Java Math.pow((1/(1+1),1) 无法正确计算

Question

我尝试用 Java 进行一些实验，然后出现了这个问题:

public class TestRandom {
    public static void main(String[] args){
        System.out.println(Math.pow((1/(1+1)),1));
    }
}

评估为0.0 ，最初很可能是 NaN。

我有什么问题吗？或者有真正的解释吗？

Answer 1

那里有一个整数除法。 1/2 是 0，而不是 0.5。

您可以尝试将表达式更改为 Math.pow((1.0/(1+1)),1) 以强制其为浮点除法。

编辑

Java 中的除法设计方式与 C 和 C++ 中的设计方式相同，后者出现于 Java 之前。当您使用两个 int 类型的表达式进行除法时，您将得到 int 类型的结果。这是语言设计者做出的选择，无论好坏，我们现在都坚持这个选择。但基本上，这意味着除法的任何小数结果都会向下舍入(严格来说，朝零舍入)。在本例中，1/2 将四舍五入为 0。

同样的事情也会发生在 long 上。

Java Language Specification说

Integer division rounds toward 0. That is, the quotient produced for operands n and d that are integers after binary numeric promotion (§5.6.2) is an integer value q whose magnitude is as large as possible while satisfying |d · q| ≤ |n|. Moreover, q is positive when |n| ≥ |d| and n and d have the same sign, but q is negative when |n| ≥ |d| and n and d have opposite signs.

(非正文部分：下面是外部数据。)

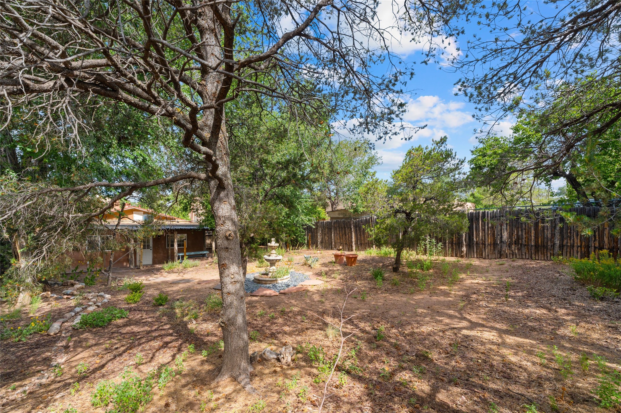 Six blocks north of The Plaza, this downtown pied--terre is located at the end of a short, dead-end road and is the perfect opportunity for someone wishing to have close proximity to downtown Santa Fe as well as offering the opportunity to remodel and/or expand. Enter through a walled and fenced courtyard to the front door where you'll be greeted by an open living room and dining area with a large fireplace. The bedroom opens to a rear patio and an expansive, fully fenced back yard with mature trees. This 1-BR, 1-B home, originally built in 1950, has been updated with modern conveniences.
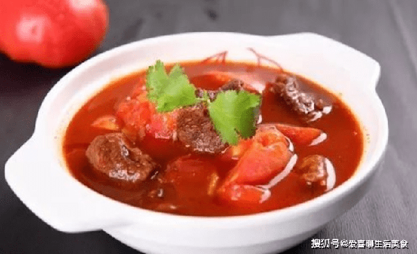 3,一小時後,加入大塊西紅柿,再燉半小時至牛肉軟爛為止。最後撒上香菜,即可出鍋。

There is one special case that does not satisfy this rule: if the dividend is the negative integer of largest possible magnitude for its type, and the divisor is -1, then integer overflow occurs and the result is equal to the dividend. Despite the overflow, no exception is thrown in this case. On the other hand, if the value of the divisor in an integer division is 0, then an ArithmeticException is thrown.